═══ RECORDS TO PROCESS
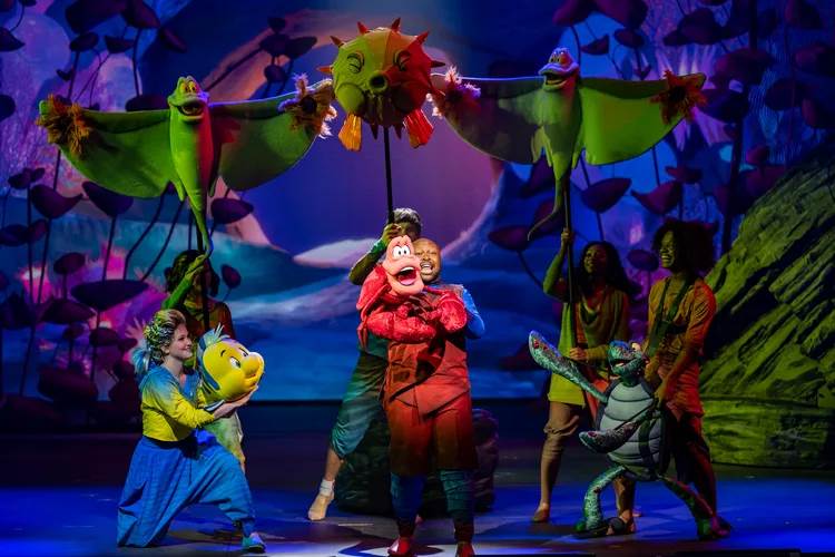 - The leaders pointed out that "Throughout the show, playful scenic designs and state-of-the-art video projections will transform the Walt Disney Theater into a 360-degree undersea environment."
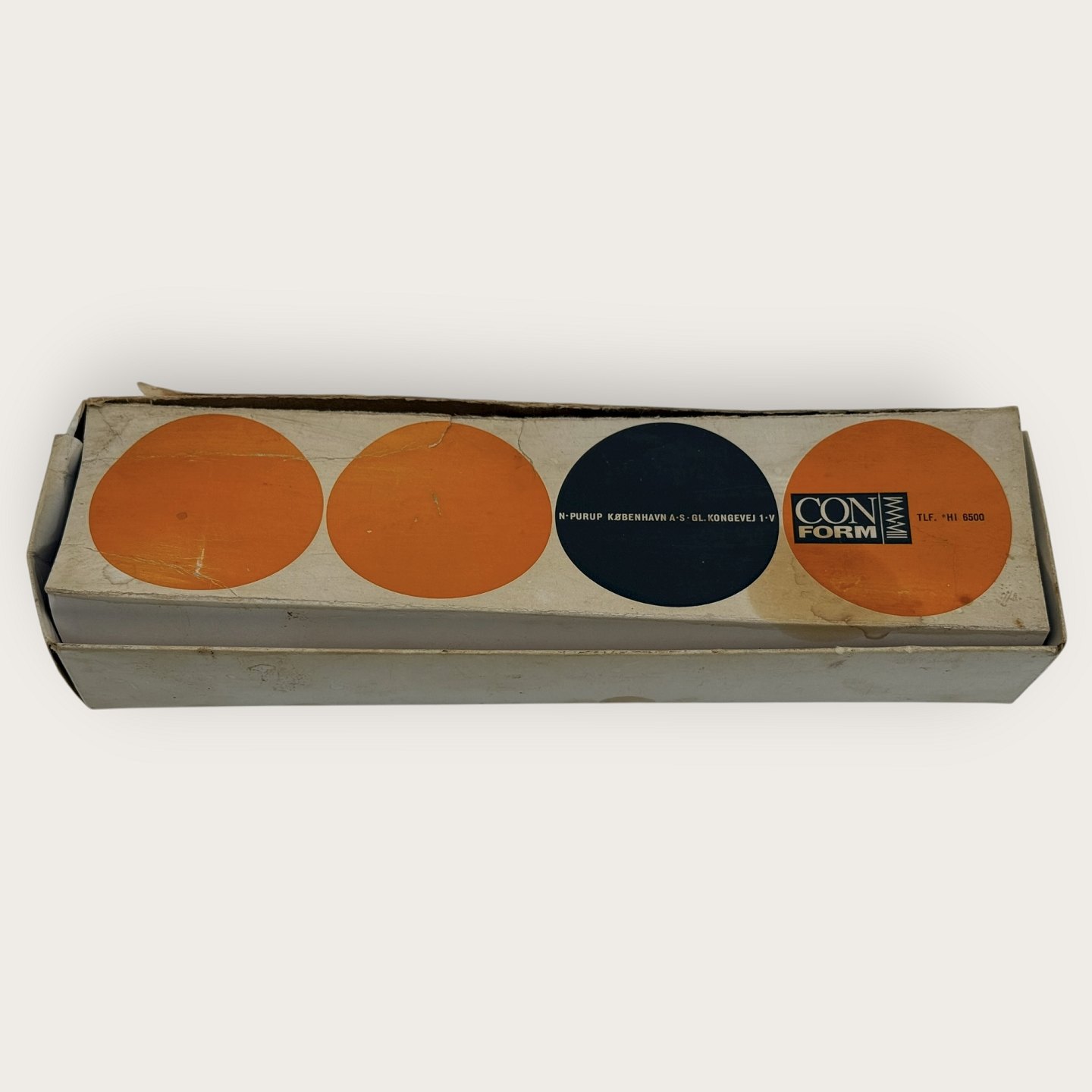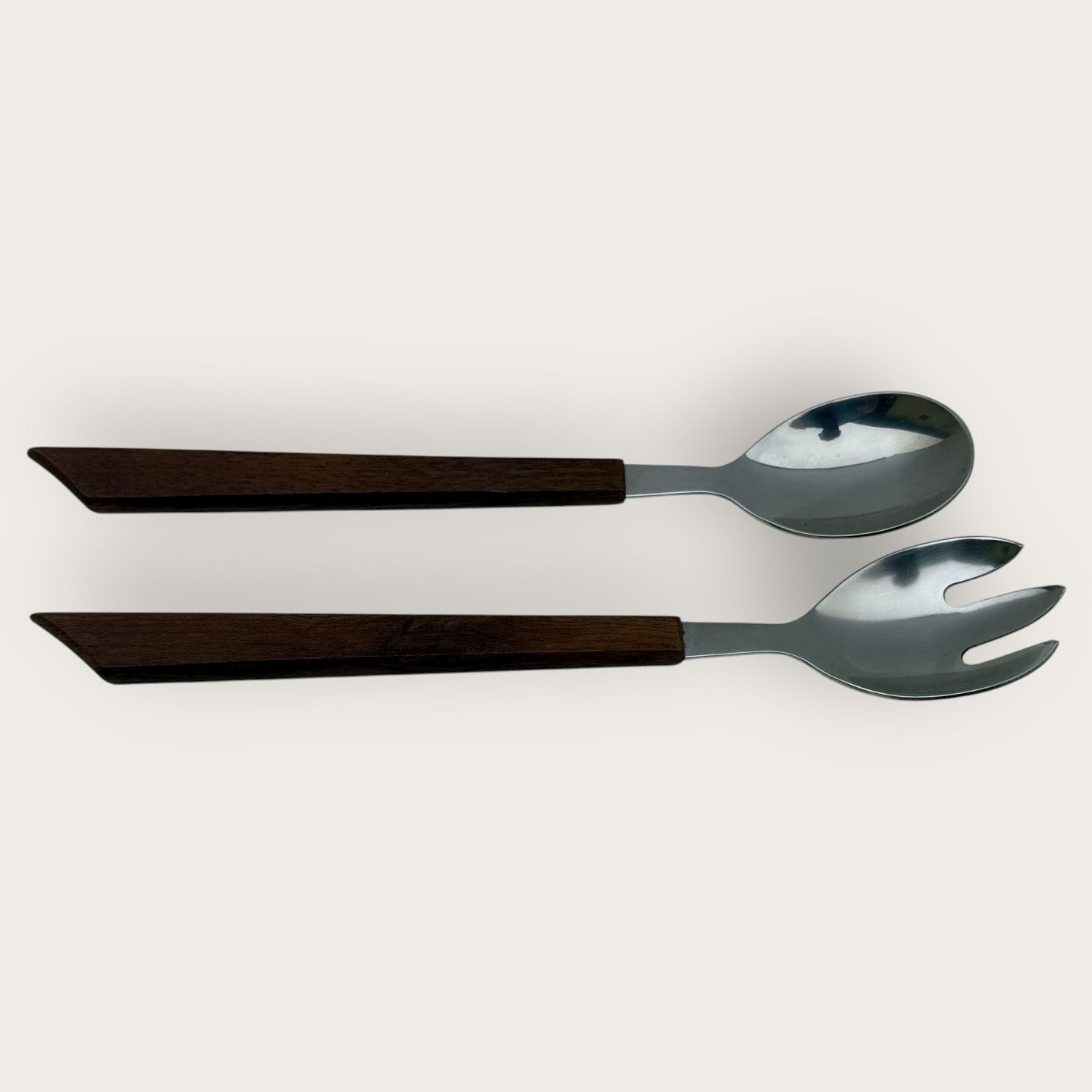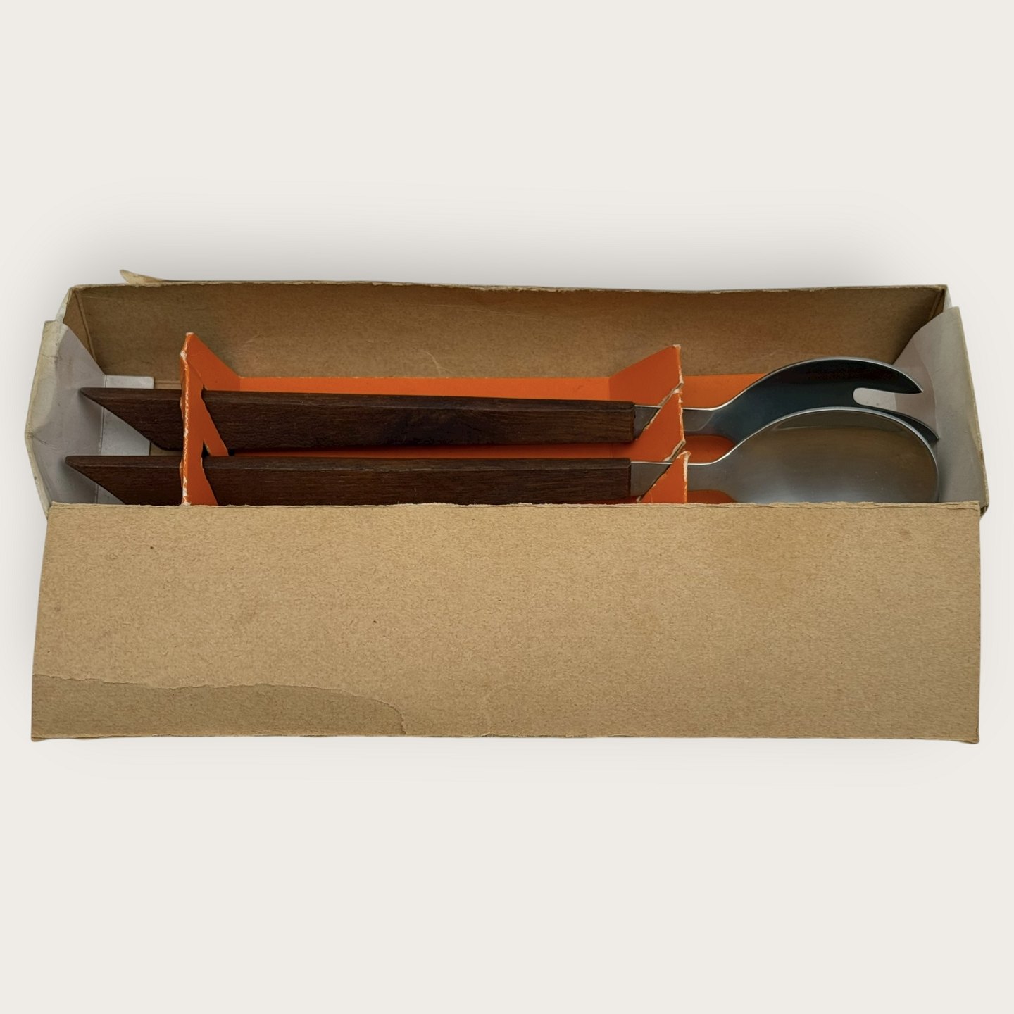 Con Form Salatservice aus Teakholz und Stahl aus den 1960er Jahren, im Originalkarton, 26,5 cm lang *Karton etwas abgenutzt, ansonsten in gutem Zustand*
══════
═══ RECORDS TO PROCESS
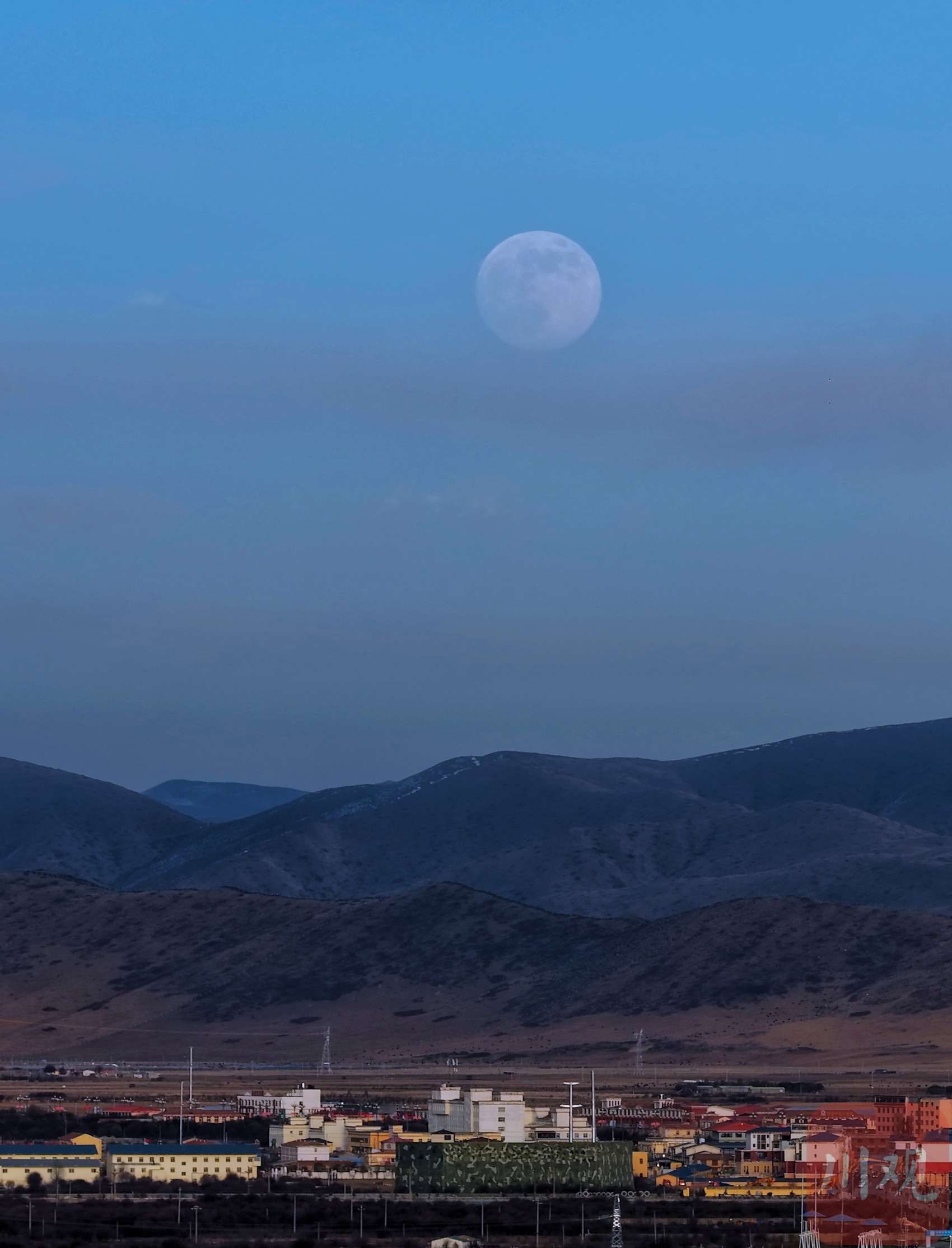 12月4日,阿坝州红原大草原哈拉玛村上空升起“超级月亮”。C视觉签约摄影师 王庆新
══════
═══ RECORDS TO PROCESS
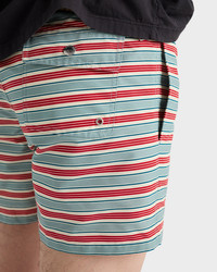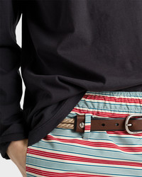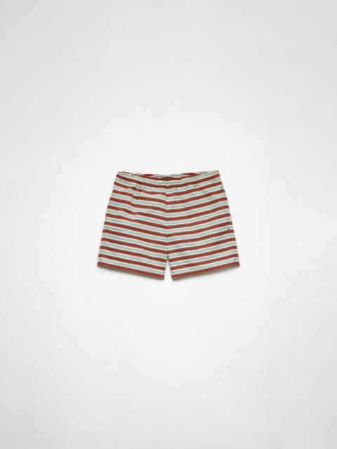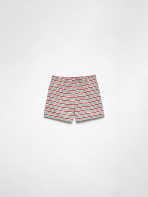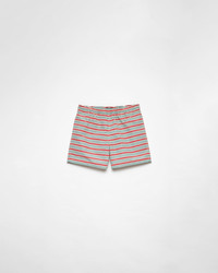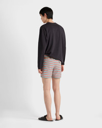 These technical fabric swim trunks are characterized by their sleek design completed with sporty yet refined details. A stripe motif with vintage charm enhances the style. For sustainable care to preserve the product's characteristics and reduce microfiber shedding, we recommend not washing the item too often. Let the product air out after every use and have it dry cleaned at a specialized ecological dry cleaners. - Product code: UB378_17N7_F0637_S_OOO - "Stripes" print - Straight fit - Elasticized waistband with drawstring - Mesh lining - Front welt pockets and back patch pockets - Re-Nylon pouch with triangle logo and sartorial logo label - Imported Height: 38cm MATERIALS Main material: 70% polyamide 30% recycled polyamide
══════
> [ABOUT THIS TASK]: What is needed is an exact copy of the lines above from the one with "- The leaders" to the one with "Con Form Salatservice", both ends kept, and nothing more; please leave the pictures out.

> [RESULT BELOW]:
 - The leaders pointed out that "Throughout the show, playful scenic designs and state-of-the-art video projections will transform the Walt Disney Theater into a 360-degree undersea environment."
 Con Form Salatservice aus Teakholz und Stahl aus den 1960er Jahren, im Originalkarton, 26,5 cm lang *Karton etwas abgenutzt, ansonsten in gutem Zustand*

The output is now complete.